Не успели мы отойти от проходной, как оттуда послышался грохот и отборный мат.
«Понял, понял! Больше не повторится! Но вы же сами говорили…», — обиженным плачущим голосом оправдывался боец.
— Сволочи, на публику играют. Мне мужики говорили, прапор и этот пи…р в доле, — ворчал Серёга. — А представляете, пойдёт этот ворюга на дембель и будет дома втирать, как героически он нас охранял, или того пуще — исполнял интернациональный долг. Расскажет пару историй, подслушанных под дверями наших комнат, вот и получится очередной «герой апрельской революции». А ведь никто и сомневаться не будет: вернулся, отслужив два года в Туркестанском военном округе. Пойди, проверь, где он служил: в Афгане или на пересылке по чужим сумкам шарился!
— Серёнь, не кипятись — проехали! — Степаныч, самый старший из вертолётчиков, оказавшийся командиром их звена, повернулся в мою сторону. — А ты где поселился?
Оказалось, меня случайно определили на одну из двух пустовавших коек в комнате, где уже жили Степаныч и Серёга.
Единогласно было решено «чисто символически» отметить нашу встречу и знакомство всем коллективом.
Когда собирали на стол нехитрую закуску, я почему-то вспомнил Серёгины слова об интернациональном долге. В его интонации слышалась какая-то непонятная ирония и ещё что-то неуловимое. Для меня, прошедшего Суворовскую школу, слова «патриот», «интернационалист» ассоциировались с героями художественных фильмов «Офицеры», «Добровольцы», подвигами участников интернациональных бригад в Испании и подобных им. Хотя уже прошло уже семь лет, как сменил алые погоны и лампасы на голубые погоны, но до сих пор от этих слов веяло какой-то героической романтикой. А тут от настоящих, живых воинов-интернационалистов я услыхал их с пока непонятными для меня интонациями.
Хотелось спросить, уточнить, но благоразумно решил разобраться сам, уже на месте.
Первых два тоста выпили почти сразу, один за другим. Я даже закусить, как следует, не успел, как кто-то из вертолетчиков снова наполнил стаканы.
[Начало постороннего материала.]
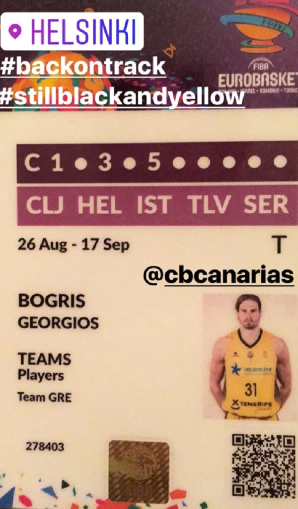 Μετά το Νίκο Παππά, και το σχόλιο που δέχθηκε από το Νικ Καλάθη, και ο Γιώργος Μπόγρης απόρησε με τη διαπίστευσή του, καθώς η φωτογραφία που επιλέχθηκε από τη Διεθνή Ομοσπονδία Καλαθοσφαίρισης είναι από την πρώην ομάδα του, την Τενερίφη. «Ακόμα κιτρινόμαυρος @cbcanarias», έγραψε ως σχόλιο στη φωτογραφία που δημοσίευσε μέσω των Instastories o 28άχρονος σέντερ που ανήκει πλέον στον Ολυμπιακό.

— Между первой и второй перерывчик небольшой — чтобы и пуля пролететь не успела! — пояснил кто-то у меня над ухом и от этого стало немного неуютно: если пить с такими темпами, то меня на долго не хватит…
Но после второго тоста все принялись закусывать уже обстоятельно, неспеша. Почему-то никто не закуривал. Постепенно завязалась беседа. Как-то незаметно стаканы снова оказались наполненными.
Среди шуток и смеха Сергей взял со стола свой стакан с водкой и молча встал. Ему последовали остальные. Я тоже. Молча, не чокаясь, выпили. Постояли. Снова сели за стол. Закурили.
Меня удивила внезапная перемена в выражении лиц моих новых знакомых. Они стали какими-то отрешенными, неподвижными, как у памятников. Их глаза смотрели, ничего не видя вокруг, как у человека, что, задумавшись, ушел в мыслях глубоко в себя.
— Третий тост — это за тех, кого с нами нет. В общем, надеюсь, ты понял, — шепнул мне на ухо Степаныч.
В тот вечер я впервые познакомился с этой традицией, родившейся когда-то давным-давно и свято соблюдаемая всеми «афганцами». Первый, второй и четвёртый тосты иногда посвящались в разных компаниях различным событиям или людям. У нас, в Баграме, было принято: первый тост пили по поводу, по которому собрались, второй — за тех, кто любит и ждёт, четвёртый — за то, чтобы за нас третий тост не пили.